How Exercise/Fasting Keep Us Healthy

Intense exercise, fasting and an array of hormones, activate cells' disposal system to purge defective or toxic proteins...


The body's ability to adapt to changing conditions and shifting physiologic demand is essential to human survival. In order to do so, each cell in our body must be able to dispose of damaged or unnecessary proteins. This process of quality-control is made effective by critical mechanisms in cellular performance.
Now, a study from Harvard Medical School shows intense exercise, fasting and an array of hormones can activate cells' built-in protein disposal system and enhance our ability to purge defective, toxic or unneeded proteins.

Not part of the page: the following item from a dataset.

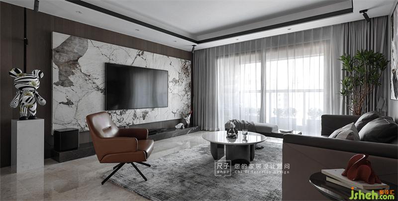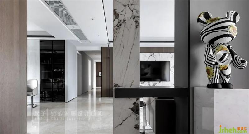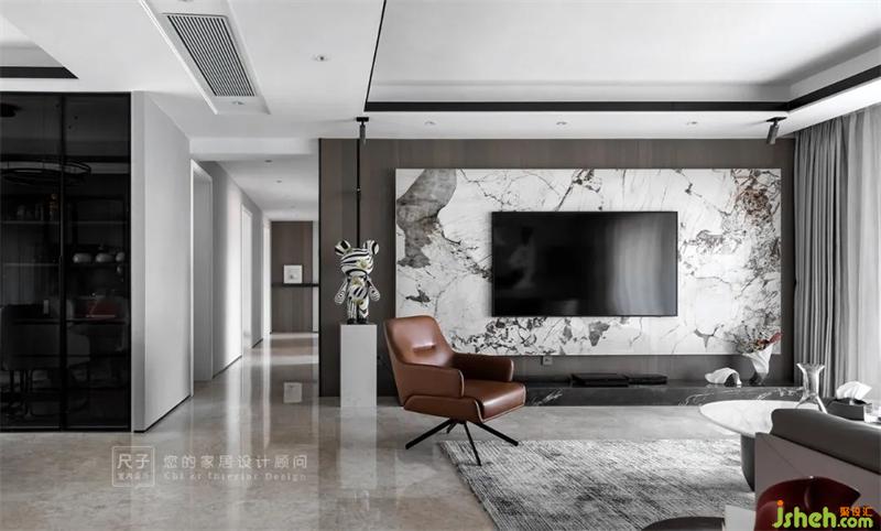 電視墻的巖板,是玄關(guān)柱子材質(zhì)的延伸,與素凈的木飾面形成對(duì)比,不過(guò)于花哨,卻不失亮點(diǎn)。

The findings, published in PNAS, reveal a previously unknown mechanism used by the body to rapidly turn on junk-protein removal. This allows cells to adapt their protein content to meet new demands. The study shows this mechanism is triggered by fluctuations in hormone levels, signalling changes in physiologic condition.
"Our findings show that the body has a built-in mechanism for cranking up the molecular machinery responsible for waste-protein removal so critical to the cells' ability to adapt to new conditions."

Alfred Goldberg, senior author on the study and professor of cell biology in the Blavatnik Institute at Harvard Medical School.

Cellular House Cleaning in Disease and Health

Malfunctions in the cells' protein-disposal machinery can lead to accumulation of misfolded proteins, which clog up the cell and interfere with its functions. Over time, misfolded proteins precipitate development of diseases, such as ALS and Alzheimer's.

Biochemical cell systems remove junk proteins with the ubiquitin-proteasome pathway. Defective or unneeded proteins are tagged with ubiquitin molecules and marked for destruction:

• A cell's protein-disposal unit is known as 26S proteasome
26S Proteasome machinery can be pharmacologically boosted
• Rising levels of cAMP then switch on the enzyme protein kinase A.
The team's previous work had shown that cAMP-stimulating drugs enhance destruction of defective or toxic proteins, particularly mutant proteins that can lead to neurodegenerative conditions. However, the new findings, reveal this quality control process is regulated independently of drugs, operating instead by shifts in physiological states which correspond to changes in hormones.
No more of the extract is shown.